Konversionstherapien haben schwerwiegende Folgen

Homosexuelle umpolen? Luzern wird zu Verbot aufgefordert

Konversionstherapien haben zum Ziel, homosexuelle Menschen zu heterosexuellen «umzupolen». (Bild: Robert V. Ruggiero/Unsplash)

Homosexuelle Neigungen zu heterosexuellen machen: Seelsorgerinnen und Heiler bieten sogenannte Konversionstherapien an, um Homosexuelle «umzupolen». Nun fordert ein Luzerner Kantonsrat ein Verbot.

Stell dir vor, jemand sagt dir, es sei eklig, dass du als heterosexuelle Frau auf Männer stehst. Das sei einfach nur krank. Aber dass man dieses Problem beheben könne. Therapieren. Heilen. Oder eben «umpolen».
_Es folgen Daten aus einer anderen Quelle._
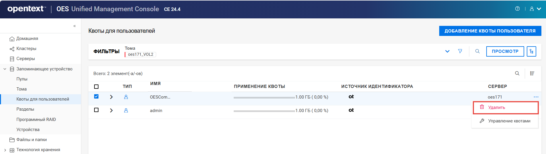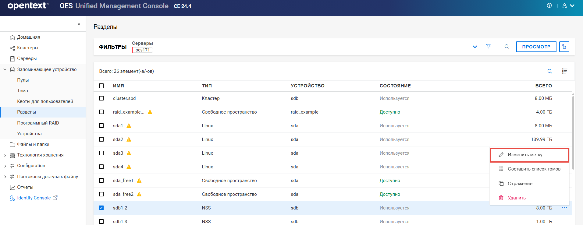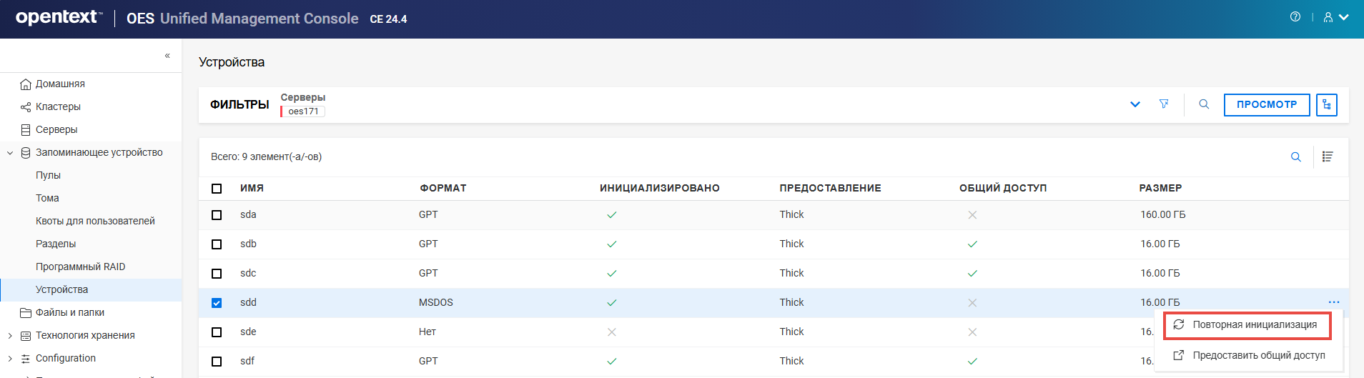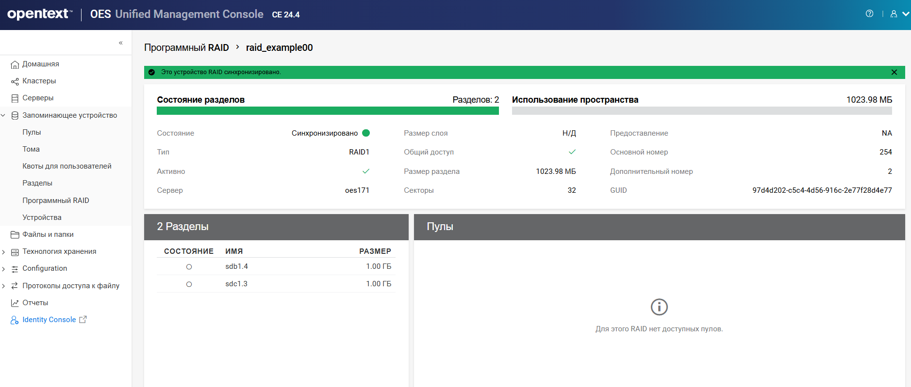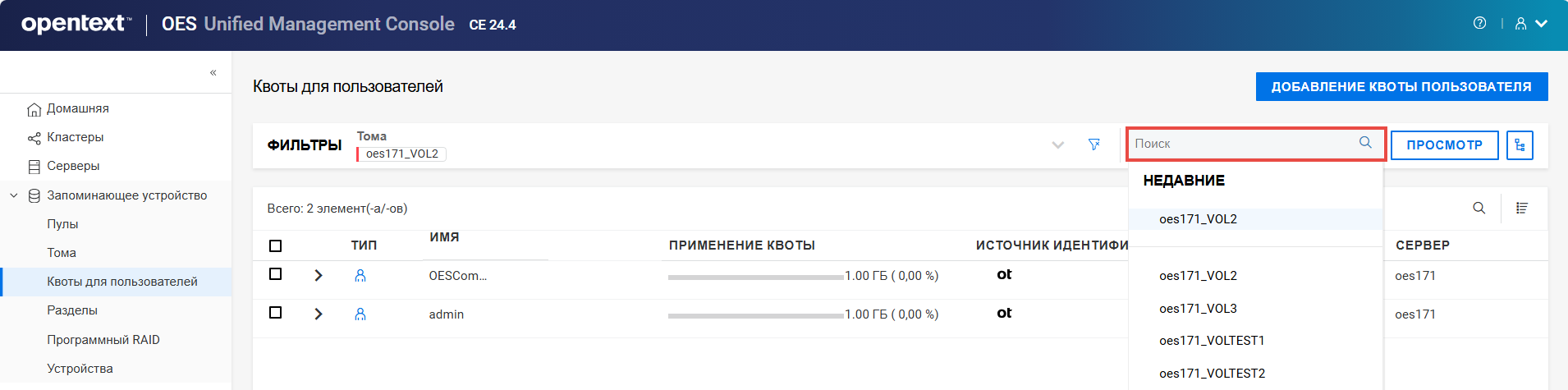 Переименование пула кластера или тома может привести к несогласованному поведению. Если после переименования невозможно вывести пулы или тома, откройте UMC из другого окна в режиме инкогнито.

Sätze wie diese fallen bei Heterosexuellen wohl nie. Solche Konversionstherapien gibt es aber. Sie haben zum Ziel, Homosexuelle zu Heterosexuellen «umzupolen». Diese Behandlungen sind höchst umstritten, zumal Homosexualität ja keine Krankheit ist und keiner Therapie bedarf. Dennoch dürften sie in der Schweiz nach wie vor zum Einsatz kommen.

Lange Zeit wurde Homosexualität als psychische Störung missverstanden. 1991 – also vor 30 Jahren – wurde Homosexualität als «psychische Störung» gemäss Klassifikation der Weltgesundheitsorganisation (WHO) gestrichen.

In Frankreich gibt's zwei Jahre Haft für Konversionstherapien

Noch länger dauerte es bei der WHO, Trans-Menschen nicht mehr als «psychisch krank» zu klassifizieren. Die WHO verkündete erst 2018, dass sie Transsexualität von der Liste psychischer Erkrankungen streichen wolle. Der ICD-11 trat 2022 in Kraft.

In der Schweiz besteht bislang kein Verbot von Konversionstherapien. Wer solche Behandlungen anbietet, kann auch nicht strafrechtlich verfolgt und zur Rechenschaft gezogen werden.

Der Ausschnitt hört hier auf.